*** DATA RECORDS Section Begins ***

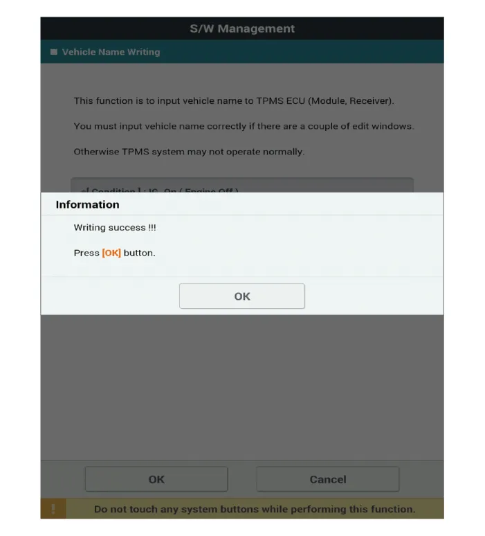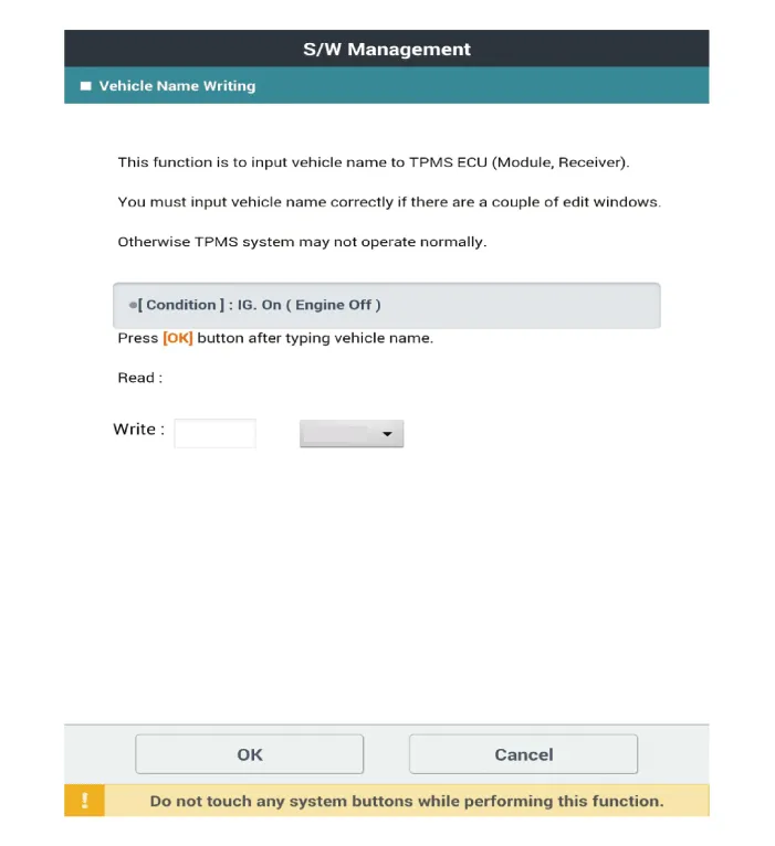 Select the "IBU-TPMS" and "Vehicle Name Writing" on KDS vehicle selection screen, then select OK.
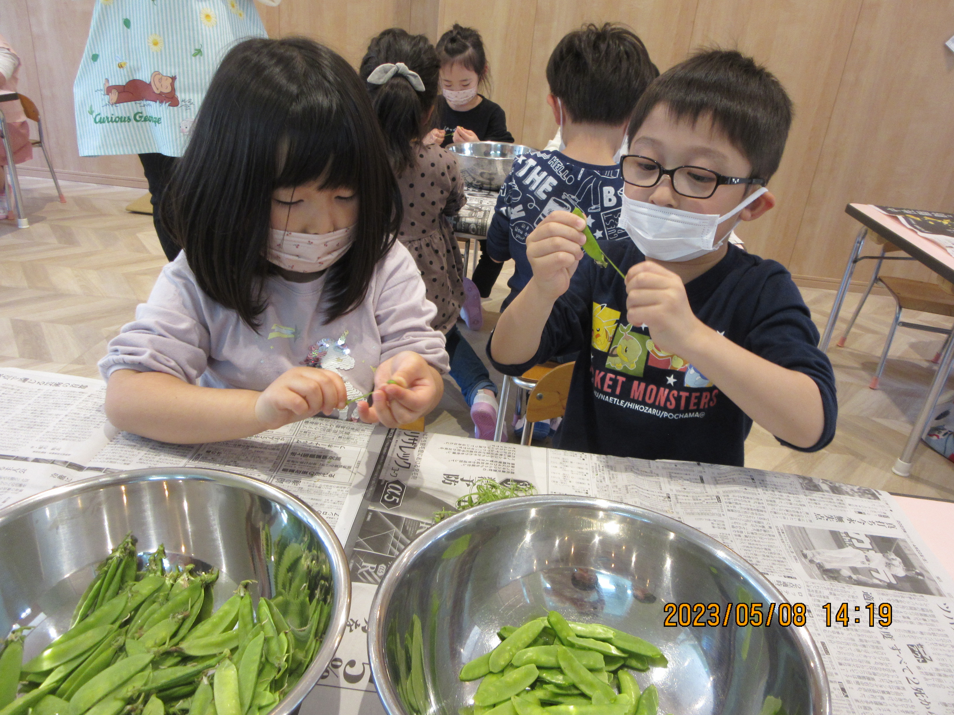 きりんぐみ、らいおんぐみが、給食で使用するきぬさやの筋取りのお手伝いをしてくれました!!
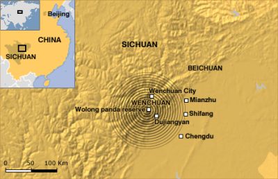 În urma cutremurului două şcoli din Chengdu s-au prăbuşit, prinzând captivi peste 900 de elevi şi profesorii lor. Strigătele lor de ajutor se auzeau luni seară, în timp ce echipele de salvare încearcau să-i elibereze. Cel puţin alte şapte şcoli şi un spital s-au dărâmat, iar în oraşul Beichuan, aproape de epicentrul cutremurului, peste 80% din clădiri s-au prăbuşit.
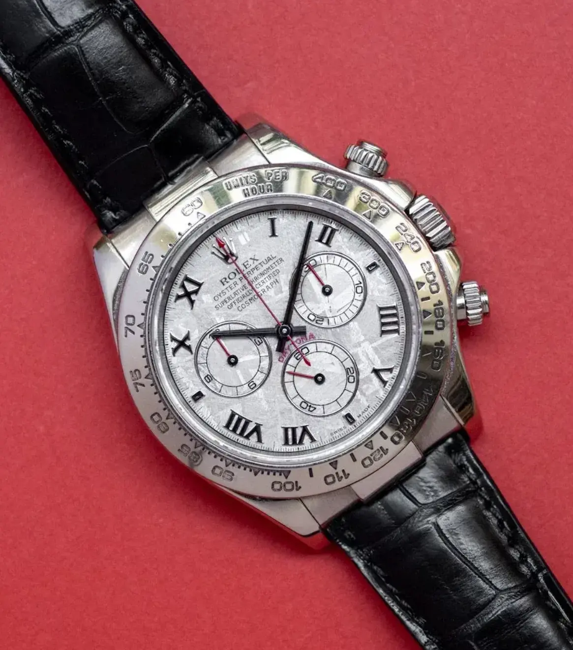 A historic model in the Rolex collection, the Cosmograph Daytona presented here features an exclusive Meteorite dial mounted in a white gold case.
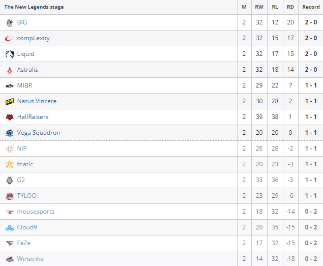 12:00 Vega Squadron 14:16 Fnatic13:30 Tyloo 10:16 Hellraisers15:00 Winstrike 16:19 Cloud916:30 Complexity 16:8 BIG18:00 Na’Vi 16:6 NiP19:30 G2 4:16 MIBR21:00 Astralis 15:19 Team Liquid22:30 Faze Clan 16:8 Mousesports

*** DATA RECORDS Section Ends ***

WHAT NEEDS TO BE DONE>
All of the material above should be copied exactly, minus the pictures.

TASK SOLUTION>
 Select the "IBU-TPMS" and "Vehicle Name Writing" on KDS vehicle selection screen, then select OK.
 きりんぐみ、らいおんぐみが、給食で使用するきぬさやの筋取りのお手伝いをしてくれました!!
 În urma cutremurului două şcoli din Chengdu s-au prăbuşit, prinzând captivi peste 900 de elevi şi profesorii lor. Strigătele lor de ajutor se auzeau luni seară, în timp ce echipele de salvare încearcau să-i elibereze. Cel puţin alte şapte şcoli şi un spital s-au dărâmat, iar în oraşul Beichuan, aproape de epicentrul cutremurului, peste 80% din clădiri s-au prăbuşit.
 A historic model in the Rolex collection, the Cosmograph Daytona presented here features an exclusive Meteorite dial mounted in a white gold case.
 12:00 Vega Squadron 14:16 Fnatic13:30 Tyloo 10:16 Hellraisers15:00 Winstrike 16:19 Cloud916:30 Complexity 16:8 BIG18:00 Na’Vi 16:6 NiP19:30 G2 4:16 MIBR21:00 Astralis 15:19 Team Liquid22:30 Faze Clan 16:8 Mousesports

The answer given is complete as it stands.